Motivation and background

Digital wildfires, i.e., fast-spreading inaccurate, counterfactual, or intentionally misleading information, can quickly permeate public consciousness and have severe real-world implications, and they are among the top global risks in the 21st century. While a sheer endless amount of misinformation exists on the internet, only a small fraction of it spreads far and affects people to a degree where they commit harmful and/or criminal acts in the real world. The COVID-19 pandemic has severely affected people worldwide, and consequently, it has dominated world news for months. Thus, it is no surprise that it has also been the topic of a massive amount of misinformation, which was most likely amplified by the fact that many details about the virus were unknown at the start of the pandemic. This task aims at the development of methods capable of detecting such misinformation. Since many different misinformation narratives exist, such methods must be capable of distinguishing between them. For that reason we consider a variety of well-known conspiracy theories related to COVID-19.

Target group

The task is of interest to researchers in the areas of online news, social media, multimedia analysis, multimedia information retrieval, natural language processing, and meaning understanding and situational awareness to participate in the challenge. The target knowledge areas include Machine and Deep Learning, Natural Language Processing and Graphs Analysis Algorithms.

Data

The datasets contain several sets of tweet texts mentioning Corona Virus and different conspiracy theories and corresponding undirected graphs derived from social network data where the vertices are users and the edges represent connections between them. The tweet-text sets consist of only English language posts and they contain a variety of long tweets with neutral, positive, negative, and sarcastic phrasing. The vertices of tweet-graphs contain a set of user attributes as well as some texts posted by that user. The datasets are not balanced with respect to the number of samples of conspiracy-promoting and other tweets, the number of tweets per conspiracy class, or the graph structures. The dataset items have been collected from Twitter during a period between 20th of January 2020 and 1st of April 2022, by searching for the Corona-virus-related keywords (e.g., “corona”, “COVID-19”, etc.) in the tweets’ text, followed by a search for keywords related to the conspiracy theories. Since not all tweets are available online, the participants will be provided a full-text set of already downloaded tweets. In order to be compliant with the Twitter Developer Policy, only the members of the participants’ participating teams are allowed to access and use the provided dataset. Distribution, publication, sharing and any form of usage of the provided data apart from the research purposes within the FakeNews task is strictly prohibited. A copy of the dataset in form of Tweet ID and annotations will be published after the end of MediaEval 2022.

Ground truth

The ground truth for the provided dataset was created by the team of well-motivated students and researchers using an overlapping annotation process with the following cross-validation and verification by an independent assisting team.

Evaluation methodology

Evaluation will be performed using standard implementation of the multi-class generalization of the Matthews Correlation Coefficient (MCC, https://scikit-learn.org/stable/modules/generated/sklearn.metrics.matthews_corrcoef.html) computed on the optimally threshold conspiracy promoting probabilities (threshold that yields the best MCC score).

Quest for insight

Here are several research questions related to this challenge that participants can strive to answer in order to go beyond just looking at the evaluation metrics:

Participant information

Please contact your task organizers with any questions on these points.

General

[1] Nyhan, Brendan, and Jason Reifler. 2015. Displacing misinformation about events: An experimental test of causal corrections. Journal of Experimental Political Science 2, no. 1, 81-93.
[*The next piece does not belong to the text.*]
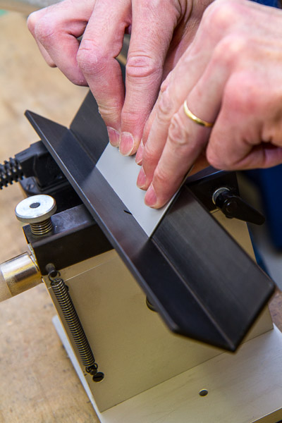 Druhá možnost je vytvoření frézy mechanicky. Pokud máte mechanickou gravírku, fazetu jednoduše vytvoříte fazetovací frézou nebo frézou broušenou na 45 stupňů. Lze jí aplikovat na všechny materiály.

Twitter data collection and analysis

[2] Burchard, Luk, Daniel Thilo Schroeder, Konstantin Pogorelov, Soeren Becker, Emily Dietrich, Petra Filkukova, and Johannes Langguth. 2020. A Scalable System for Bundling Online Social Network Mining Research. In 2020 Seventh International Conference on Social Networks Analysis, Management and Security (SNAMS), IEEE, 1-6.
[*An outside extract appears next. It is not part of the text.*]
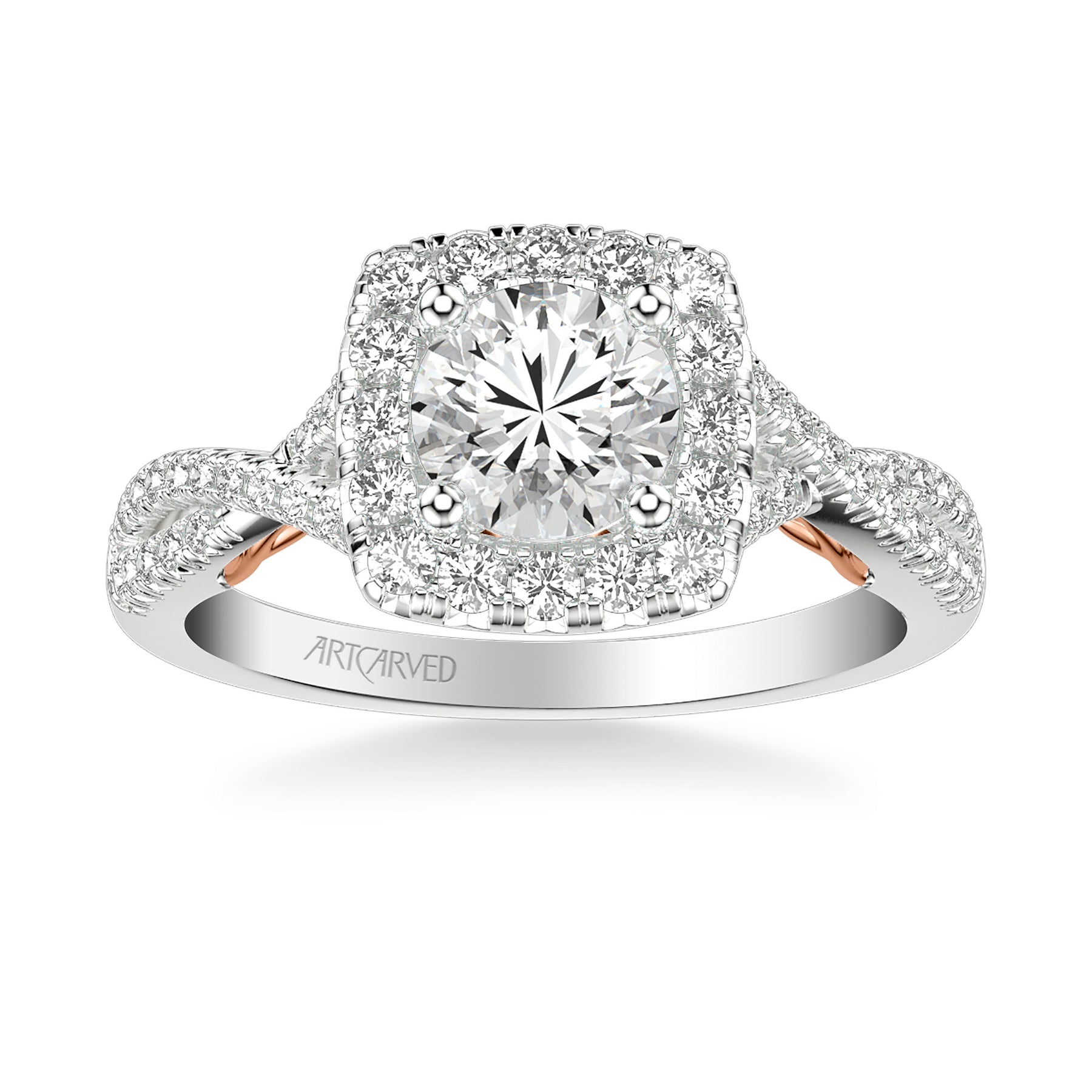 Lyric Engagement Ring with Cushion Diamond Halo and Carved Gallery details with Twist Diamond Shank

[3] Schroeder, Daniel Thilo, Konstantin Pogorelov, and Johannes Langguth. 2019. FACT: a Framework for Analysis and Capture of Twitter Graphs. In 2019 Sixth International Conference on Social Networks Analysis, Management and Security (SNAMS), IEEE, 134-141.
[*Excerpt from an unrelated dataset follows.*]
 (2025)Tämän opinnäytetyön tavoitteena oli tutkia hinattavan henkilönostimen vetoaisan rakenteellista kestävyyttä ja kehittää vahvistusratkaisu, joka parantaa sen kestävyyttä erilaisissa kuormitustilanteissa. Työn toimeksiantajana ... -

[4] Achrekar, Harshavardhan, Avinash Gandhe, Ross Lazarus, Ssu-Hsin Yu, and Benyuan Liu. 2011. Predicting flu trends using twitter data. In 2011 IEEE conference on computer communications workshops (INFOCOM WKSHPS), IEEE, 702-707.

[5] Chen, Emily, Kristina Lerman, and Emilio Ferrara. 2020. Covid-19: The first public coronavirus Twitter dataset. arXiv preprint arXiv:2003.07372.

[6] Kouzy, Ramez, Joseph Abi Jaoude, Afif Kraitem, Molly B. El Alam, Basil Karam, Elio Adib, Jabra Zarka, Cindy Traboulsi, Elie W. Akl, and Khalil Baddour. 2020. Coronavirus goes viral: quantifying the COVID-19 misinformation epidemic on Twitter. Cureus 12, no. 3.

Natural language processing

[7] Bourgonje, Peter, Julian Moreno Schneider, and Georg Rehm. 2017. From clickbait to fake news detection: an approach based on detecting the stance of headlines to articles. In Proceedings of the 2017 EMNLP Workshop: Natural Language Processing meets Journalism, 84-89.

[8] Imran, Muhammad, Prasenjit Mitra, and Carlos Castillo. 2016. Twitter as a lifeline: Human-annotated twitter corpora for NLP of crisis-related messages. arXiv preprint arXiv:1605.05894.

Information spreading

[9] Liu, Chuang, Xiu-Xiu Zhan, Zi-Ke Zhang, Gui-Quan Sun, and Pak Ming Hui. 2015. How events determine spreading patterns: information transmission via internal and external influences on social networks. New Journal of Physics 17, no. 11.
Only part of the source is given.